Resilience to Alzheimer’s disease is an uncommon combination of high disease burden without dementia that offers valuable insights into limiting clinical impact. Here we assessed 43 research participants meeting stringent criteria, 11 healthy controls, 12 resilience to Alzheimer’s disease and 20 Alzheimer’s disease with dementia and analyzed matched isocortical regions, hippocampus, and caudate nucleus by mass spectrometry-based proteomics.
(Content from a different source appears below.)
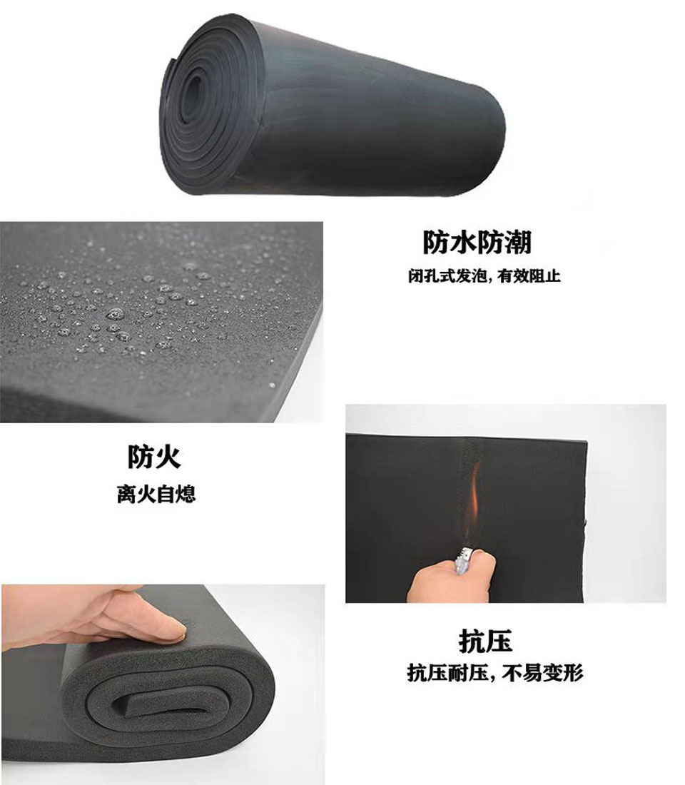 因本產(chǎn)品富柔軟性,安裝簡易方便。管道安裝,可套上后一起安裝,也可將本管材縱向切開后再用膠水粘合而成。對閥門、三通、彎頭等復(fù)雜部件,可將板材裁剪后,按不同形狀包上粘合,確保整個系統(tǒng)的嚴(yán)密性,從而保證了整個系統(tǒng)的保溫性。又因本材料外表有橡膠的光滑平整,以及它本身的優(yōu)異性能,不需另加隔氣層,防護層,減少了施工中的麻煩,也保證了外形美觀、平整。

Of 7115 differentially expressed soluble proteins, lower isocortical and hippocampal soluble Aβ levels is a significant feature of resilience when compared to healthy control and Alzheimer’s disease dementia groups. Protein co-expression analysis reveals 181 densely-interacting proteins significantly associated with resilience that were enriched for actin filament-based processes, cellular detoxification, and wound healing in isocortex and hippocampus, further supported by four validation cohorts. Our results suggest that lowering soluble Aβ concentration may suppress severe cognitive impairment along the Alzheimer’s disease continuum. The molecular basis of resilience likely holds important therapeutic insights.

Suggested Citation

  • Zhi Huang & Gennifer E. Merrihew & Eric B. Larson & Jea Park & Deanna Plubell & Edward J. Fox & Kathleen S. Montine & Caitlin S. Latimer & C. Dirk Keene & James Y. Zou & Michael J. MacCoss & Thomas J., 2023. "Brain proteomic analysis implicates actin filament processes and injury response in resilience to Alzheimer’s disease," Nature Communications, Nature, vol. 14(1), pages 1-14, December.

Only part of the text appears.